いまでも「FR最高説」多数なのになぜ? 自動車メーカーは「FF車」を中心に据えるワケ (2/2ページ)

キャビンの広さや燃費性能ではFFに軍配が上がる

 ハンドリングに関する部分などFRに有利な部分があるのは認めつつも、燃費性能というわかりやすい指標において不利という理由によって大衆的なニーズを満たすためのセグメントからFRは消えていった歴史がある。

 そのハンドリングについてもかつてのようにFFが圧倒的に不利という時代でもない。タイヤの性能が向上したことや、シャシー設計のレベルが上がったことで、FFであってもアクセル操作で姿勢コントロールすることが可能になっている。様々な電子制御の恩恵もあって、パワーを入れたからすぐにアンダーステアになるということもない。さすがにドリフト走行を維持することは難しいが……。

 また、大衆車に求められるのはキャビンの広さだが、その点でもFFは有利。前述したようにプロペラシャフトがないため比較的フラットなフロアを実現することができるのだ。たとえばバスがRR(リヤエンジン・リヤ駆動)としているのもキャビンを広くするという発想では同じ方向だ。とにかくプロペラシャフトをなくしたいのだ。

 その意味では4WDというのはキャビンの広さ的には不利なレイアウトだが、FRよりも安定性に優れること、降雪地域でのニーズやハイパワーを四輪で受け止めるメリットなどから増えている傾向にあるのはおもしろい。

 とはいえ、トラクションコントロールや横滑り防止装置といった電子制御のおかげもあってFFだからといって駆動能力が明らかに劣って感じるという時代でもなくなっている。冒頭、商用車はFRが主流と書いたが、欧州系の1BOXバンではFFだけの設定というのも増えてきているし、国産でもライトバンクラスは基本的にFF中心だ。だからといって荷物を積んだときのトラクションに劣るといった声も聞かない。
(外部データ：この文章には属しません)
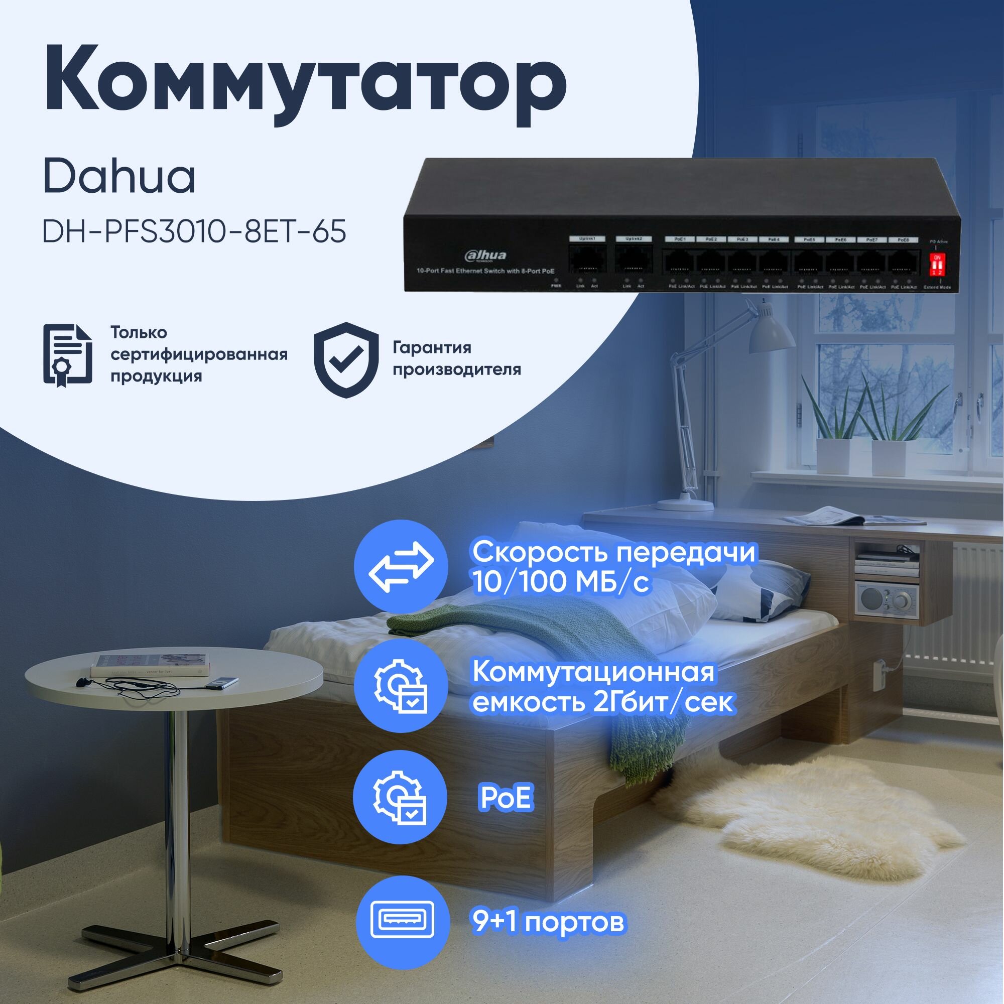 10 портовый с 8-РОЕ коммутатор Dahua DH-PFS3010-8ET-65

 効率を考えるとエンジンで動く自動車はFFになるというのが結論といえる。ただし、未来永劫、前輪駆動が主流になるとはいえない。まもなくホンダから登場する電気自動車「Honda e」はモーターをリヤに搭載した後輪駆動を選んでいる。その理由はフロントの切れ角を大きくとるためというロジックによるのだが、電動化が進んでいくとパッケージングに対する考え方は根本的に変わる。そのときでも前輪駆動が主流のままなのか、それはまったくわからない。